It is a 12-membered macrocyclic lactone incorporating a resorcinyl moiety, produced by a number of fungal species including curvularia, penicillium and alternaria. It inhibits cell division by disrupting mitotic spindle formation and acts as a developmental regulator by inhibiting self-sporulation in alternaria alternata.

Specification

Related CAS 21178-57-4 (S-isomer)
Synonyms (4R,8E)-4,5,6,7-Tetrahydro-11,13-dihydroxy-4-methyl-2H-3-benzoxacyclododecin-2,10(1H)-dione; (+)-(10E,15R)-10,11-Dehydrocurvularin; ent-Dehydrocurvularin; (R)-10,11-Dehydrocurvularin; 4,5-[[(7R)-1-Oxo-2-octene-1,7-diyl]oxy(1-oxoethane-1,2-diyl)]benzene-1,3-diol
Storage Store at -20°C
IUPAC Name (5R,9E)-13,15-dihydroxy-5-methyl-4-oxabicyclo[10.4.0]hexadeca-1(12),9,13,15-tetraene-3,11-dione
Canonical SMILES CC1CCCC=CC(=O)C2=C(CC(=O)O1)C=C(C=C2O)O
InChI InChI=1S/C16H18O5/c1-10-5-3-2-4-6-13(18)16-11(8-15(20)21-10)7-12(17)9-14(16)19/h4,6-7,9-10,17,19H,2-3,5,8H2,1H3/b6-4+/t10-/m1/s1
InChI Key AVIRMQMUBGNCKS-DFVUYQKZSA-N
Source Curvularia sp.

Properties

Appearance Off-white to Pale Beige Solid
Boiling Point 576.3±50.0°C at 760 mmHg
Melting Point >213°C (dec.)
Density 1.349 g/cm3
Solubility Slightly soluble in DMSO, Ethanol, Methanol

Reference Reading

1. Inhibition of human glioblastoma multiforme cells by 10,11-dehydrocurvularin through the MMP-2 and PI3K/AKT signaling pathways
Hao Yan, Yu Gu, Jin Cao, Pingxin Lin, Zhenhao Fu, Ye Li Eur J Pharmacol . 2022 Dec 5;936:175348. doi: 10.1016/j.ejphar.2022.175348.
Glioblastoma, formerly known as glioblastoma multiforme (GBM), is a malignant nervous system tumor with high morbidity, recurrence rate, and mortality.
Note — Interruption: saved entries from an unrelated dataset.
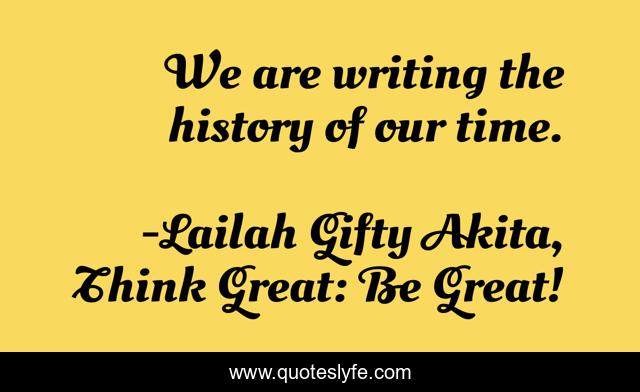 "Lailah Gifty Akita, Think Great: Be Great! Quotes." Quoteslyfe.com, 2025. Sun. 07 Dec. 2025. <https://www.quoteslyfe.com/quote/We-are-writing-the-history-of-our-92682>.
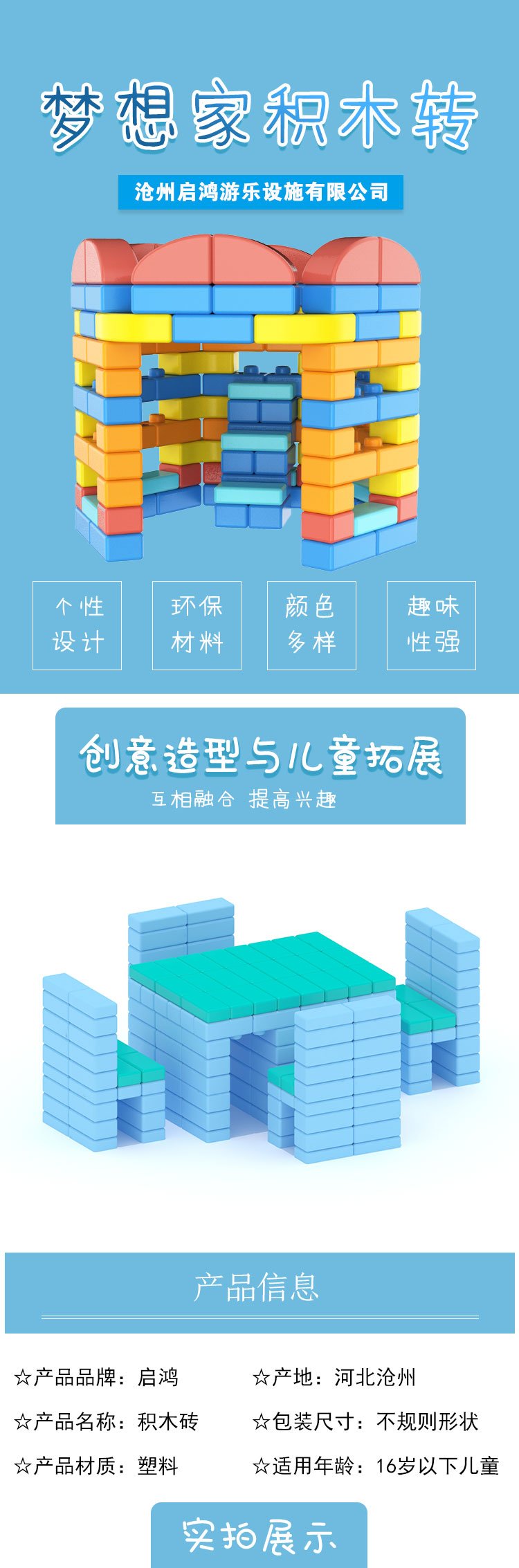 启鸿儿童学校幼儿园室内益智类玩具 可DIY大颗粒塑料积木砖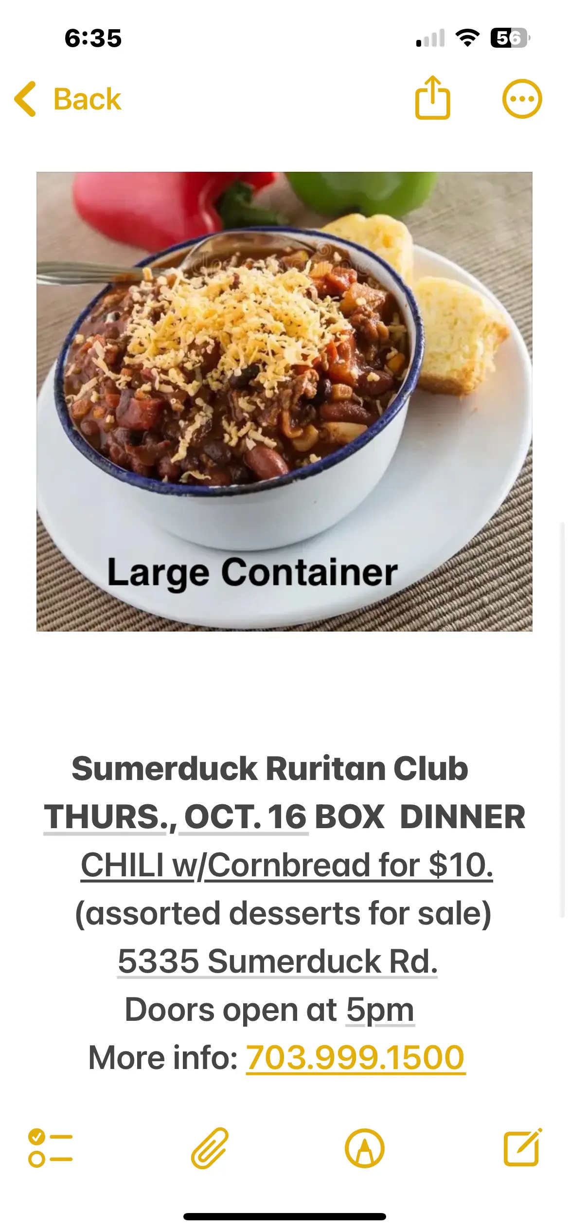 Please join us for a large bowl of Chili and Corn Bread for $ 10 and assorted desserts for $2. Sumerduck Ruritan Club 5335 Sumerduck Rd Sumerduck, VA 22742. Doors open at 5pm until sold out on Thursday 10/16/25. All proceeds go to our community needs.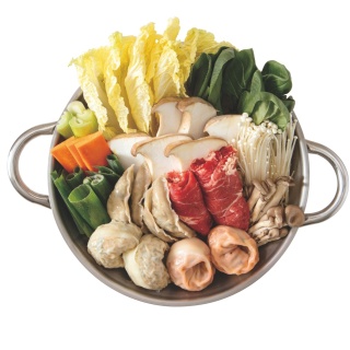 삼색 만두와 소고기가 들어간 양지 육수 베이스의 전골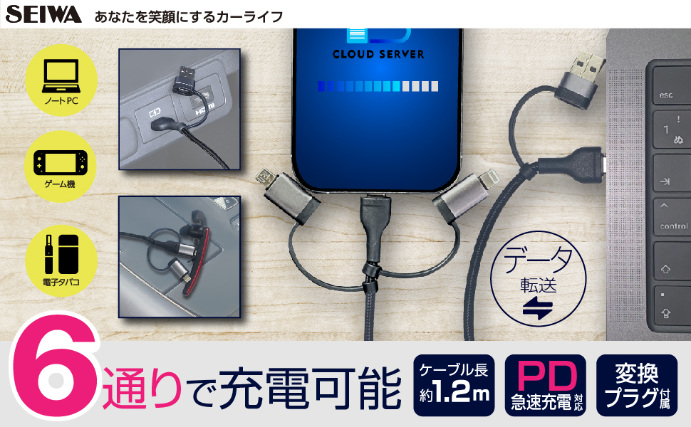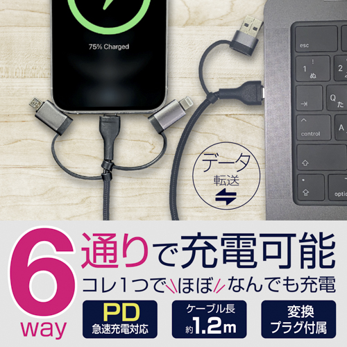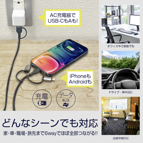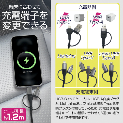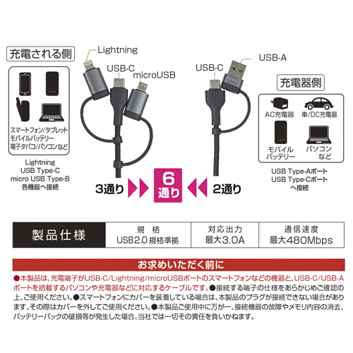 ●充電器や充電端末のポートの種類に合わせて6通りの組み合わせで使用できます。

Treating glioblastoma is difficult due to complicating factors, and novel therapeutic strategies are required to overcome resistance. In this study, we investigate the glioblastoma inhibitory activity of 10,11-dehydrocurvularin (DCV), a polyketide compound with broad biological activities, despite the fact that its anti-glioma properties and related mechanisms have yet to be studied. We look at how DCV affects glioblastoma cell lines U251 and U87 versus HEB cells. We discover that DCV inhibits glioblastoma cell proliferation, colony formation, migration, and invasion, as well as causing cell apoptosis. DCV treatment inhibits AKT phosphorylation and decreases the level of the PI3K/AKT pathway downstream protein MMP2. Our findings suggest that DCV could be a candidate for developing more potent glioblastoma chemotherapeutic drugs.
2. Review of 10,11-Dehydrocurvularin: Synthesis, Structural Diversity, Bioactivities and Mechanisms
ZhiYong Guo, FuGui Zhou, Yiqing Zhou, Zhangshuang Deng, XianJun Yu Mini Rev Med Chem . 2022;22(6):836-847. doi: 10.2174/1389557521666210428132256.
10,11-Dehydrocurvularin is a natural benzenediol lactone (BDL) with a 12-membered macrolide fused to a resorcinol ring produced as a secondary metabolite by many fungi. In this review, we summarized the pieces of literature regarding biosynthesis, chemical synthesis, biological activities, and assumed work mechanisms of 10,11-dehydrocurvularin, which presented a potential for agricultural and pharmaceutical uses.
3. Dehydrocurvularin is a potent antineoplastic agent irreversibly blocking ATP-citrate lyase: evidence from chemoproteomics
Nai-Kei Wong, Yiqing Zhou, Zhangshuang Deng, Youli Xiao, Zhiyong Guo, Kun Zou Chem Commun (Camb) . 2019 Apr 4;55(29):4194-4197. doi: 10.1039/c9cc00256a.
Natural-product macrolide 10,11-dehydrocurvularin (DCV) was revealed to be a potent irreversible inhibitor of ATP-citrate lyase (ACLY) via classical chemoproteomic profiling, which mechanistically illuminates the anti-cancer mode of action of DCV and its analogues.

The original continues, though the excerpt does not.